Get the high-risk and medium-risk events (identityRiskEvents API)

Medium and high-risk events represent those that may have the capability to trigger Identity Protection sign-in or user-risk policies. Since they have a medium or high likelihood that the user attempting to sign-in is not the legitimate identity owner, remediating these events should be a priority.

GET https://graph.microsoft.com/beta/identityRiskEvents?`$filter=riskLevel eq 'high' or riskLevel eq 'medium'" 

Get all of the users who successfully passed an MFA challenge triggered by risky sign-ins policy (riskyUsers API)

To understand the impact Identity Protection risk-based policies have on your organization you can query all of the users who successfully passed an MFA challenge triggered by a risky sign-ins policy. This information can help you understand which users Identity Protection may have falsely detected at as risk and which of your legitimate users may be performing actions that the AI deems risky.

GET https://graph.microsoft.com/beta/riskyUsers?$filter=riskDetail eq 'userPassedMFADrivenByRiskBasedPolicy'

Get all the risky sign-ins for a specific user (signIn API)
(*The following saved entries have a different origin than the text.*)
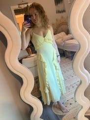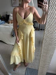 So gorg! Perfect for the butter yellow trend. Loved the ruffles. Thin material light and breezy but does show the spanx seam but oh well. Perf semi formal vibes
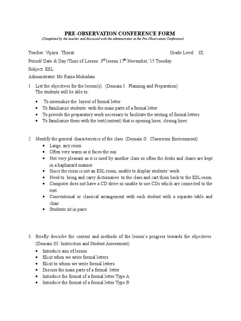 Pre Observation Conference Form | PDF
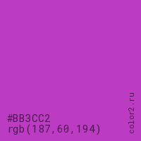 Цвет #BB3CC2 в цветовой модели RGB обозначается тремя октетами (187, 60, 194) в десятичном формате и #BB3CC2 в шестнадцатиричном (hex) формате, которые являются интенсивностью красного 187 (hex BB), интенсивность зелёного 60 (hex 3C) и интенсивность синего 194 (hex C2).
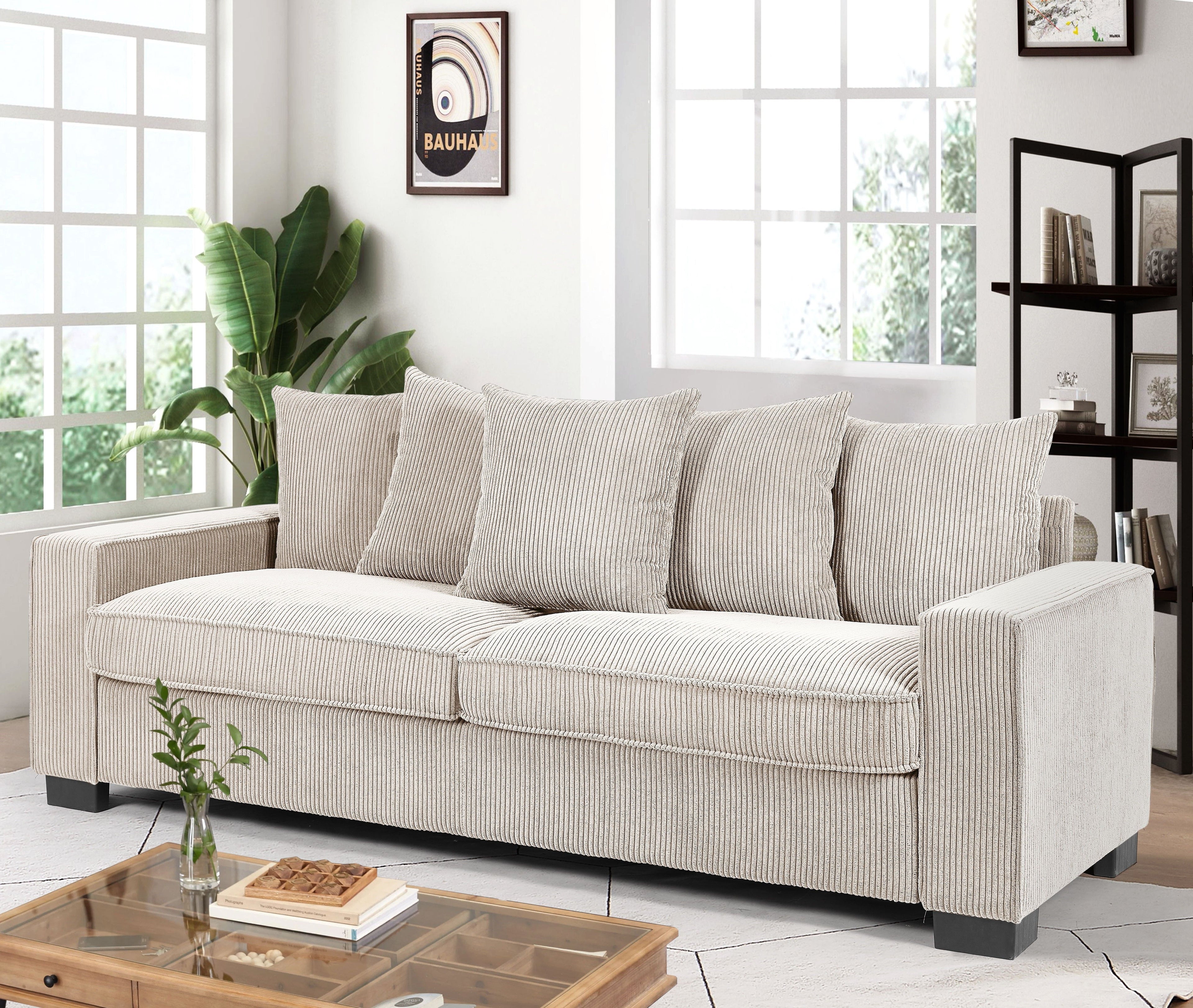 Luxe Corduroy Sofa With 5 Matching Toss Pillows, Sleek Design, Spacious And Comfortable 3 Seater Couch - Ivory

When you believe a user may have been compromised, you can better understand the state of their risk by retrieving all of their risky sign-ins.

https://graph.microsoft.com/beta/identityRiskEvents?`$filter=userID eq '<userID>' and riskState eq 'atRisk'

Next steps

Congratulations, you just made your first call to Microsoft Graph!
Now you can query identity risk events and use the data however you see fit.